I truly feel that at the depths of who we are, we have a sense of love. We have this sense of beauty within ourselves. Sometimes it may take a little bit of patience for it to externalize in its own way and it may be almost near impossible to define it fully for us but I know without a shadow of a doubt, we felt blips of it, we felt moments in time of what that should be. If we can carry that over and cross it over to sitting on a couch watching Netflix, taking a warm bubble bath at night, to riding a bike to playing music and shredding on a guitar, to doing a show like this and interacting with amazing human beings. If we can bring that resonance towards it, I truly feel this life coming to the thing that we spoke about on unity, I truly think that it would come about and sprout almost instantaneously, may be based on our perception, but it’ll definitely come sooner than later.
One thing you brought up, Ibrahim is awareness and this idea that we can have a pretty immediate perspective shift or maybe even a shift in our hearts. It’s interesting you bring this up because so often I have fallen into some belief systems that change and growth and transformational work. I’m not even sure what to call the umbrella of what we’re even discussing now. The exploration of our humanity and existence perhaps that change, growth, evolution and transformation is this long and hard-fought arduous process that requires years and decades of study, work, experimentation, letting go and letting ourselves be destroyed and rising from the ashes like the Phoenix, and I suppose all of these other tropes.
It’s interesting because in multiple points in our conversation with the three of us, you’ve brought this idea of conscious awareness creating the potential for an immediate shift and immediate change. It flies against some of this subconscious belief system that I’m now speaking out of, “I thought it’s got to be hard and this thing I’ve got to fight for. I’ll shed all these layers like a snake for all these years, and finally, I’ll feel transformed.” Maybe it doesn’t have to be that way at all. Maybe that’s a limiting belief system that I and perhaps other people have been carrying around doing this work of spirit and transformation.

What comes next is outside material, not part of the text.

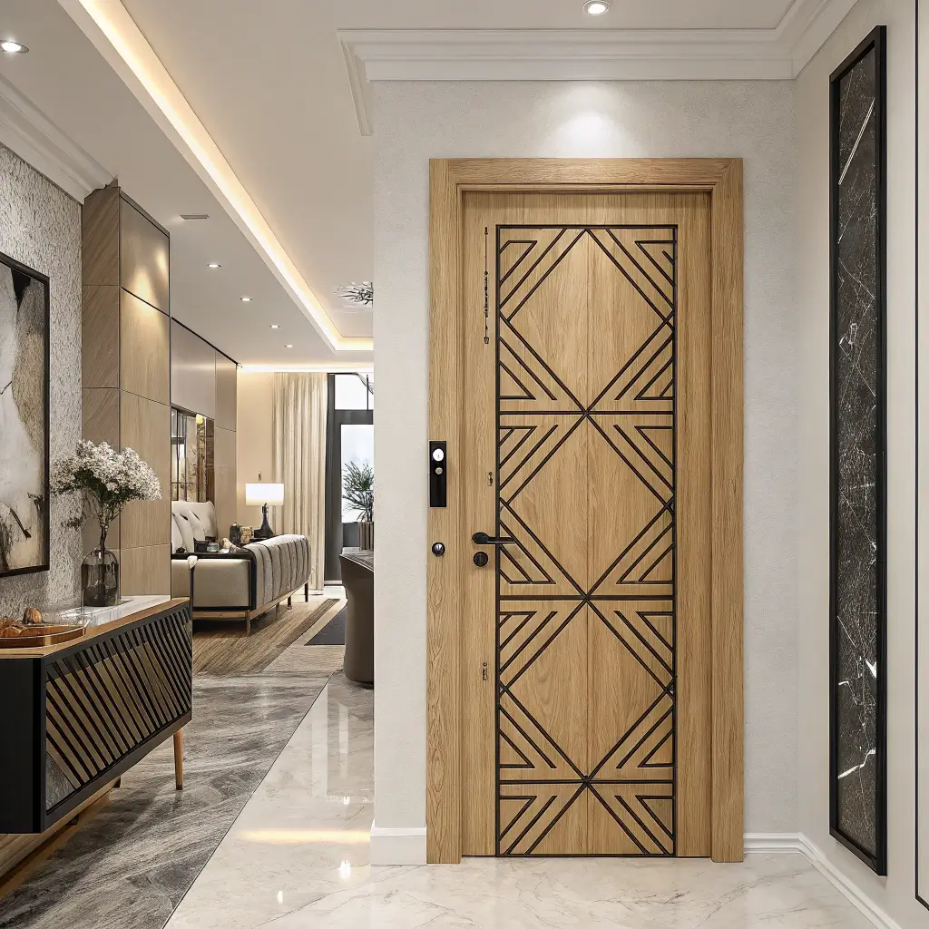 Want to make a statement? Geometric pattern veneer doors are having a serious moment right now. Bold angles, repeating patterns, and artistic flair – these doors are basically functional art pieces.

The truth of the matter is that we are all that we see. Share on XIt can be effortless. When change happens and change shifts, sometimes when we experience it, the time has a sense of fading away. We don’t even realize the amount. I personally don’t even realize the amount of time that it took to get from point A to point B and that alludes to a level of effortlessness. We are, fortunately, unfortunately, living in an era where things are becoming more on the tonality and I would like the frequency of instant gratification where everything is literally that it’s instantaneous, from ordering meals to wanting change and wanting shifts. We want things now.

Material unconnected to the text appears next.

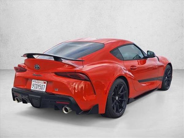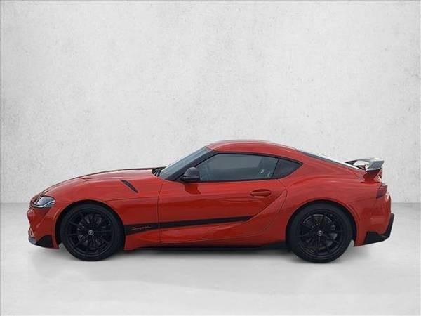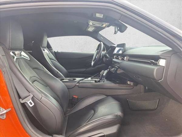 The following items have been reconditioned on this vehicle: new brakes and all new tires! * Leather Seats * Navigation System * Lane Keeping Assist * Keyless Start * Rear Spoiler * Heads-Up Display * 50 State Emissions * Black; Leather Seat Trim * Driver Assist Package * Mikan Blast * Special EditionThis vehicle includes a Money-Back Guarantee* and passed our precise inspection process. Best of all the price you see is the price you pay. No haggling. No back and forth. No pressure. And this price is so good it is guaranteed. *Money-Back Guarantee is valid for 5 days or 250 miles, whichever comes first. Subject to certain terms and conditions. See store for details. Some restrictions apply.Mechanical / Performance 3.0L Twin-Scroll Turbo, Inline 6-Cyl 382 Horsepower, 368 lb-ft of Torque 8 Speed AT w/ Paddle Shifters Rear-Wheel Drive Active Rear Sport Diff; Active Exhaust Double Joint Type McPherson Strut FR Suspension; Multi-Link RR Suspension Sport-Calibrated Elec Power Steering Adaptive Variable Sport Suspension w/ Michelin Pilot Super Sport Tires Tires: FR 255/35 ZR19, RR 275/35 ZR19 FR: Brembo 4-Piston Vent. Disc Brakes RR: Single Piston Cast Iron Disc Brakes Black Front Brake Calipers w/GR Logo Aero Underbody Panel; Sport Pedals Safety and Convenience 6-Lens Auto-Leveling LED Headlights LED Daytime Running Lamps & Tail Lights Automatic High Beams; Speed Limit Info Pre-Collision Syst w/ Pedestrian Detect Lane Depart Warning w/ Steering Assist Electronic Parking Brake; Traction Mode Heated Power Sport Seats w/ Adjustable Lumbar and Bolsters, Driver Seat Memory Auto-Fold, Heated Exterior Mirrors 12 Speaker JBL HiFi Audio System 8.8 Touchscreen w/ Navigation Touchpad Rotary Control SiriusXM w/3-Month Platinum Trial Wireless Apple CarPlay Compatible Wireless Charging For Full Product Details, Please Visit Toyota.com/gr-supra

When I say effortless, that doesn’t necessarily mean the work doesn’t have to be done. I’m coming to terms with this a lot of alternative therapies, therapy in itself, a lot of this spiritual and foundational work that happens within multitude of domains is unworking. It’s unworking, these thoughts that things have to be difficult, super strenuous, and hard to come into. Effort is required, yes, but sometimes it doesn’t have to be as harsh and as abrasive as we alluded to. That’s where the effortlessness comes in. It can be gentle.
We can approach it in a gentle way but with patience with humility and with that level of awareness, we can gauge it and sense that it doesn’t have to be as hard as we make it out to be. Bringing that level of gentleness, that’s our responsibility and my responsibility within my life. I hope everybody examines and tries to embody a little bit more softness in the steps, a little bit more of gentleness even delving into a curiosity of oneself. It’s that simple to me.
Curiosity is such a fundamental thing in terms of, for me, at least moving beyond fear. When I feel in a lot of aspects of my life that I’m potentially afraid to explore something or try something new or move out of my comfort zone, as we talk about discomfort and exploration here on the podcast a lot. This is interesting. I’ve always felt drawn to the energy of cats. The cat kingdom. Big cats, small cats, medium cats, cats of all sizes.
Did you see the cat on his Instagram is what I’m wondering?
No, I didn’t.
Was that your neighbor cat, Ibrahim? Is that right? It’s the neighborhood cat or something, but it’s so incredibly cute.
Yes, it is the friendliest cat and the universe and like you Jason, I am totally drawn to that same level of energy big time.
There’s this thing with cats. I was working with a shaman a couple of years ago, talking about fear and a lot of the things that were coming up for me in different spiritual experiences I was having. He said, “Be like a cat.” I said, “What do you mean?” He said, “You love cats.” We were talking about it. We have this mutual love for cats, the shaman, and I. He said, “Instead of being afraid, what if you can trade your fear for curiosity.” I thought, “That’s a big and a huge pivot.” Maybe it’s one of the reasons that I’ve been drawn to cat energy my entire life. I’ve had cats since I came out of the womb.
Expression from the heart is one of the most important things all of us can do on a day-to-day basis. Share on XI’ve had cats my entire life. That sense of not only playfulness they have but curiosity. I’m so glad you brought that word up, Ibrahim because it’s something that is a potent reminder for me. We had an episode where I was sharing with Whitney a lot of my fears around growth, experiments, money, and taking certain risks in my life. I have a house full of cats. I have five animals here at the house so I get daily reminders and curiosity. Replacing curiosity and substituting it where we feel fear, that’s something I want to keep practicing and I’m glad that resonates with you, too.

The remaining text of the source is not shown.